::: INPUT FOR THIS TASK :::
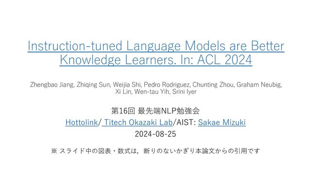 Zhengbao Jiang, Zhiqing Sun, Weijia Shi, Pedro Rodriguez, Chunting Zhou, Graham Neubig, Xi Lin, Wen-tau Yih, Srini Iyer 第16回 最先端NLP勉強会 Hottolink/ Titech Okazaki Lab/AIST: Sakae Mizuki 2024-08-25 ※ スライド中の図表・数式は,断りのないかぎり本論文からの引用です
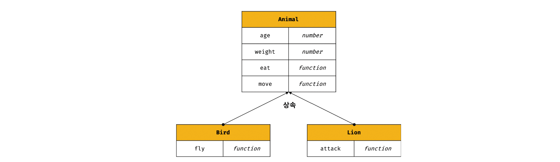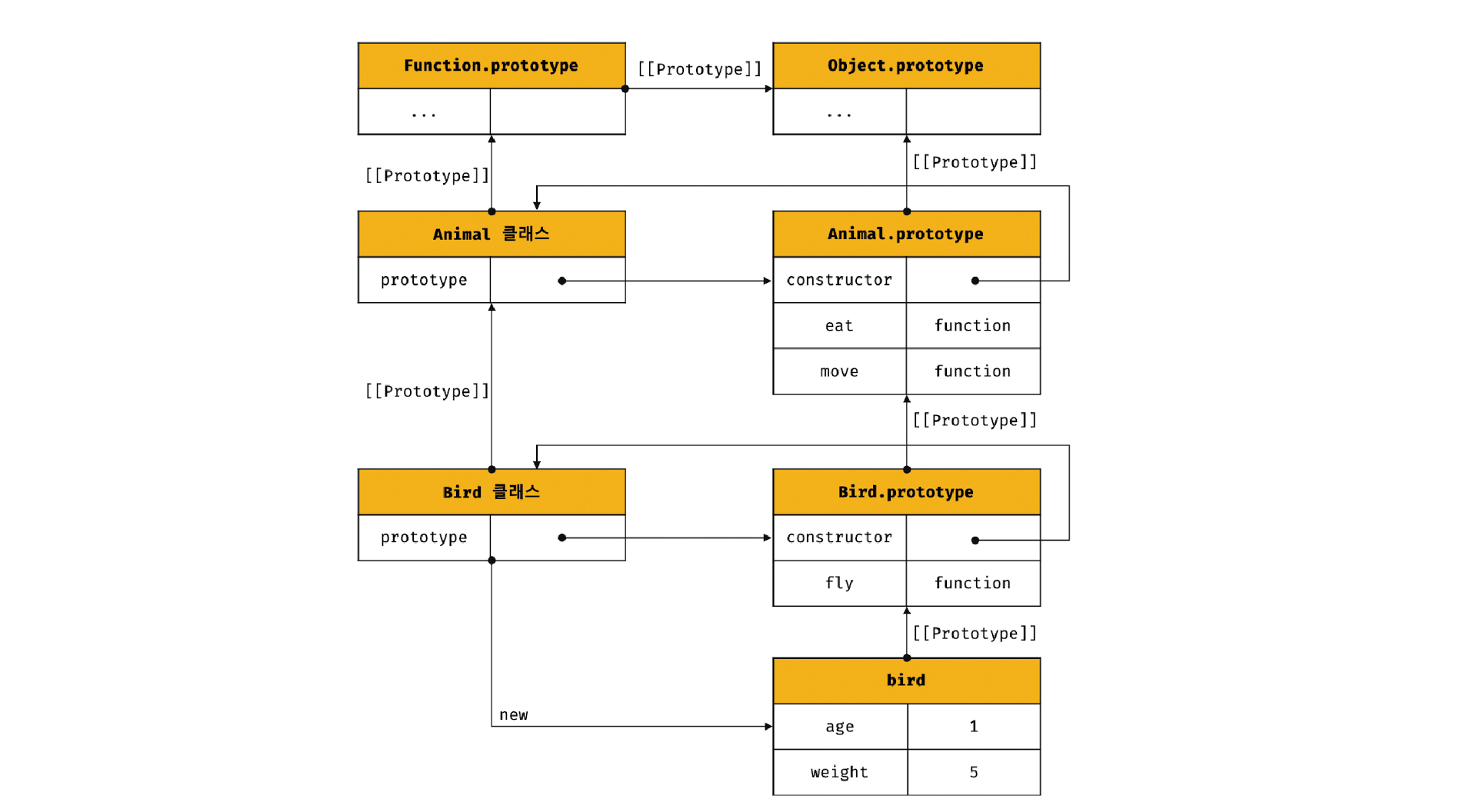 class Animal { constructor(age, weight) { this.age = age; this.weight = weight; } eat() { return 'eat'; } move() { return 'move'; } } // 상속을 통해 Animal 클래스를 확장한 Bird 클래스 class Bird extends Animal { fly() { return 'fly'; } } const bird = new Bird(1, 5); console.log(bird); // Bird {age: 1, weight: 5} console.log(bird instanceof Bird); // true console.log(bird instanceof Animal); // true console.log(bird.eat()); // eat console.log(bird.move()); // move console.log(bird.fly()); // fly
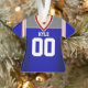 Personalize este ornamento azul, prateado e vermelho para o seu fã de futebol favorito!
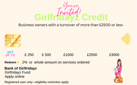Girlfridayz Credit offers you credit to use our award-winning services but we don't offer you a loan. However, the credit offer APR is 21.9% on credit offer and use. You need to repay the credit amount of money given in 3 or 6 payments maximum. You can get up to £3000 in your account with us if your business is profitable and generate £2500 profit or more yearly.
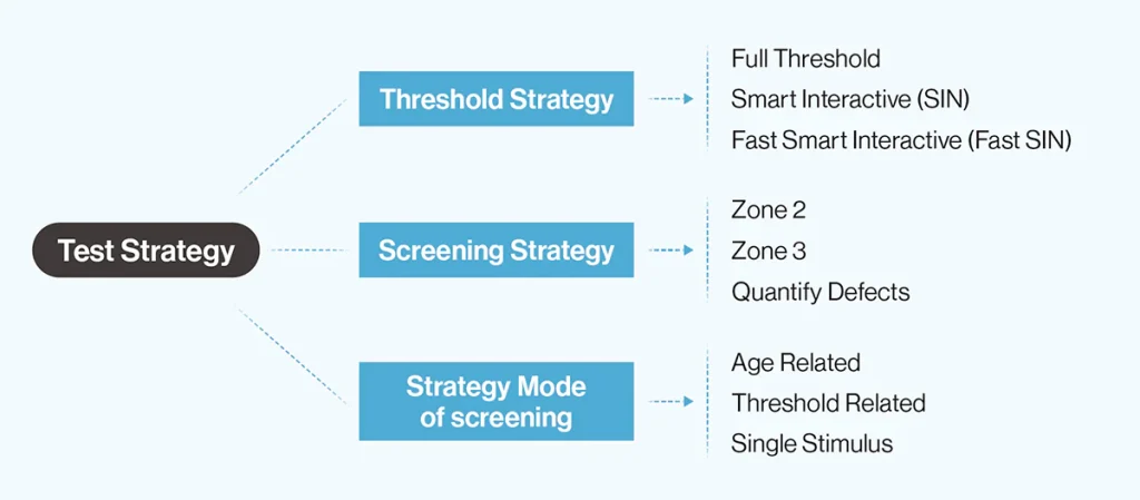 Las estrategias de prueba consideran plenamente diferentes grupos de edad, capacidad de respuesta y regularidad de defectos en el campo visual para proporcionar una solución más rápida para las pruebas de perimetría que sea inteligente, interactiva y perspicaz.
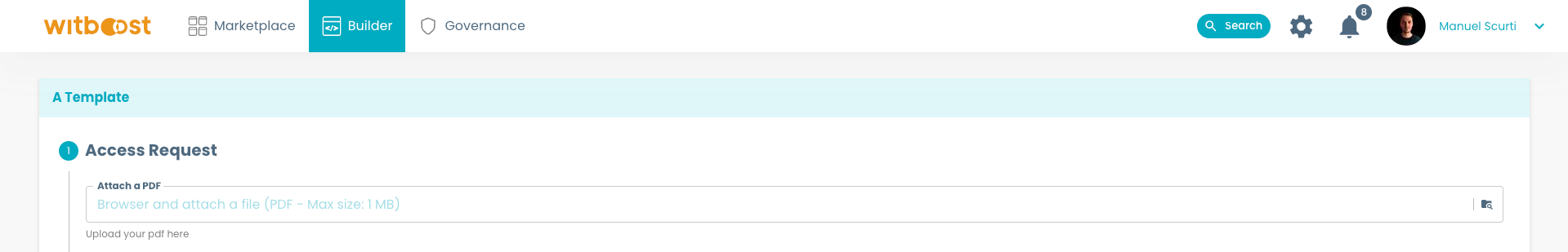 With a FilePicker you can ask users to attach a file within a template. The file won't be stored in witboost, but it can be passed to the actions configured in a template leveraging nunjucks.
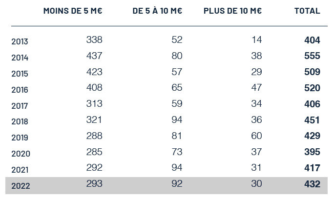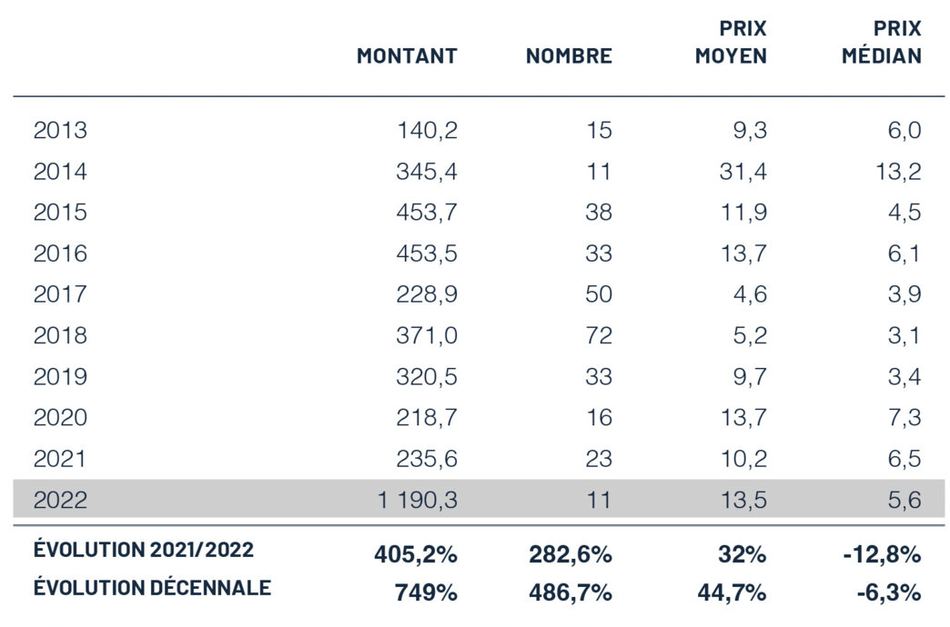For the first time, the sales market have broken the symbolic billion euro barrier (€1.19 billion), which is 4 times more than the total for 2021! The previous records were set in 2015 and 2016, when sales totalled €453 million, just 38% of the new figure.
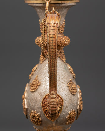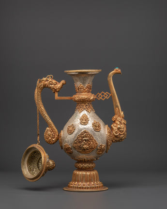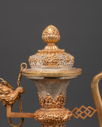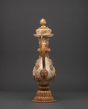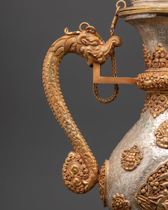 The vase is made of copper and plated with beautiful gold and silver. It features intricate, detailed motifs, including a dragon handle that represents strength and protection. Standing 46 cm tall and 27 cm wide, it is a substantial yet elegant piece that is highly valued in Tibetan rituals. The gilded finish emphasizes the fine craftsmanship, with each curve and decoration intended to evoke both beauty and spiritual power, making this vase a focal point for your sacred space.
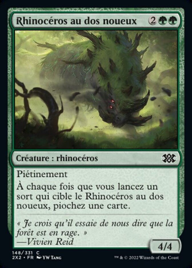 | Rules | Trample (This creature can deal excess combat damage to the player or planeswalker it's attacking.) Whenever you cast a spell that targets Gnarlback Rhino, draw a card. |
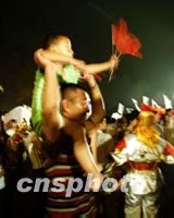 在山東省青島市歡慶北京申奧成功的游行隊伍中,一對父子情不自禁地揮舞著國旗,扭著秧歌,為北京喝彩。中新社記者 鄭萍萍 攝
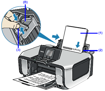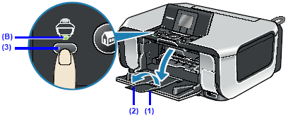 (3) Press the Paper Feed Switch so that the Cassette lamp (B) lights.
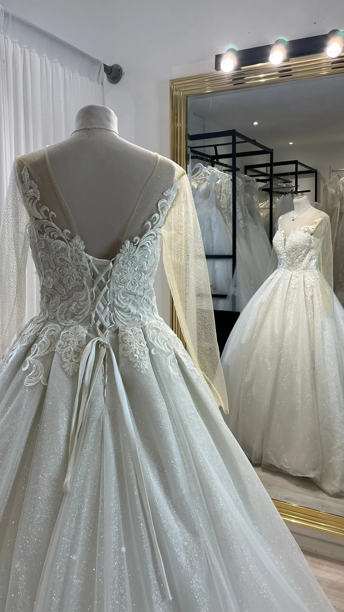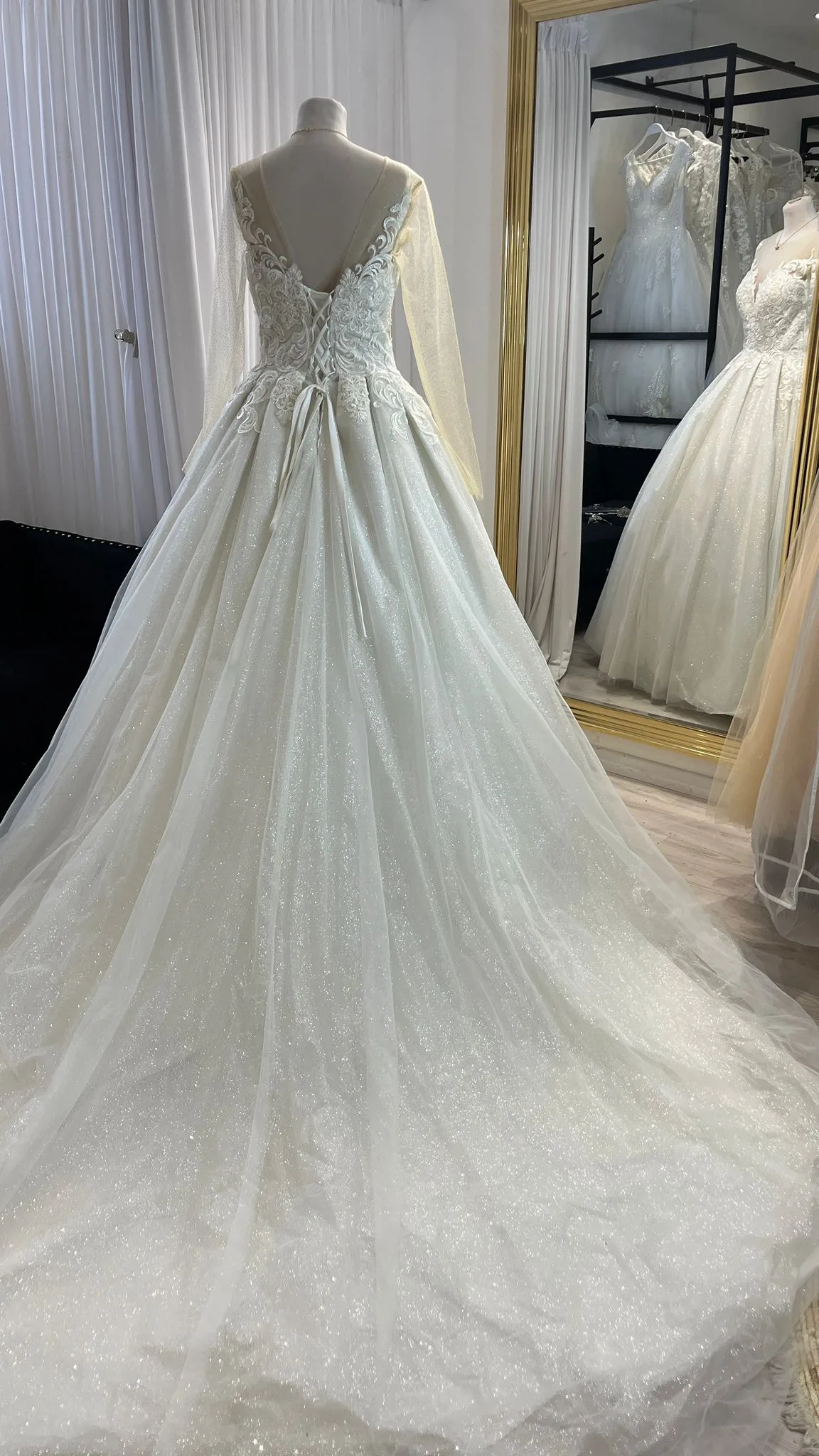 Le bas de la robe est une jupe princesse généreuse, conçue pour créer un effet spectaculaire dès que la mariée entre dans la pièce. Cette jupe volumineuse est entièrement recouverte de paillettes, offrant un rendu lumineux et féerique. Chaque mouvement fait briller la robe, créant un jeu de lumière spectaculaire qui capte l’attention. La jupe apporte un volume royal tout en restant légère grâce à un tissu bien structuré, permettant à la mariée de se déplacer avec aisance. Elle est parfaite pour une entrée mémorable, une séance photo ou une cérémonie grandiose.
:::
Skip the pictures and reproduce all remaining entries exactly.

 Zhengbao Jiang, Zhiqing Sun, Weijia Shi, Pedro Rodriguez, Chunting Zhou, Graham Neubig, Xi Lin, Wen-tau Yih, Srini Iyer 第16回 最先端NLP勉強会 Hottolink/ Titech Okazaki Lab/AIST: Sakae Mizuki 2024-08-25 ※ スライド中の図表・数式は,断りのないかぎり本論文からの引用です
 class Animal { constructor(age, weight) { this.age = age; this.weight = weight; } eat() { return 'eat'; } move() { return 'move'; } } // 상속을 통해 Animal 클래스를 확장한 Bird 클래스 class Bird extends Animal { fly() { return 'fly'; } } const bird = new Bird(1, 5); console.log(bird); // Bird {age: 1, weight: 5} console.log(bird instanceof Bird); // true console.log(bird instanceof Animal); // true console.log(bird.eat()); // eat console.log(bird.move()); // move console.log(bird.fly()); // fly
 Personalize este ornamento azul, prateado e vermelho para o seu fã de futebol favorito!
Girlfridayz Credit offers you credit to use our award-winning services but we don't offer you a loan. However, the credit offer APR is 21.9% on credit offer and use. You need to repay the credit amount of money given in 3 or 6 payments maximum. You can get up to £3000 in your account with us if your business is profitable and generate £2500 profit or more yearly.
 Las estrategias de prueba consideran plenamente diferentes grupos de edad, capacidad de respuesta y regularidad de defectos en el campo visual para proporcionar una solución más rápida para las pruebas de perimetría que sea inteligente, interactiva y perspicaz.
 With a FilePicker you can ask users to attach a file within a template. The file won't be stored in witboost, but it can be passed to the actions configured in a template leveraging nunjucks.
For the first time, the sales market have broken the symbolic billion euro barrier (€1.19 billion), which is 4 times more than the total for 2021! The previous records were set in 2015 and 2016, when sales totalled €453 million, just 38% of the new figure.
 The vase is made of copper and plated with beautiful gold and silver. It features intricate, detailed motifs, including a dragon handle that represents strength and protection. Standing 46 cm tall and 27 cm wide, it is a substantial yet elegant piece that is highly valued in Tibetan rituals. The gilded finish emphasizes the fine craftsmanship, with each curve and decoration intended to evoke both beauty and spiritual power, making this vase a focal point for your sacred space.
 | Rules | Trample (This creature can deal excess combat damage to the player or planeswalker it's attacking.) Whenever you cast a spell that targets Gnarlback Rhino, draw a card. |
 在山東省青島市歡慶北京申奧成功的游行隊伍中,一對父子情不自禁地揮舞著國旗,扭著秧歌,為北京喝彩。中新社記者 鄭萍萍 攝
 (3) Press the Paper Feed Switch so that the Cassette lamp (B) lights.
 Le bas de la robe est une jupe princesse généreuse, conçue pour créer un effet spectaculaire dès que la mariée entre dans la pièce. Cette jupe volumineuse est entièrement recouverte de paillettes, offrant un rendu lumineux et féerique. Chaque mouvement fait briller la robe, créant un jeu de lumière spectaculaire qui capte l’attention. La jupe apporte un volume royal tout en restant légère grâce à un tissu bien structuré, permettant à la mariée de se déplacer avec aisance. Elle est parfaite pour une entrée mémorable, une séance photo ou une cérémonie grandiose.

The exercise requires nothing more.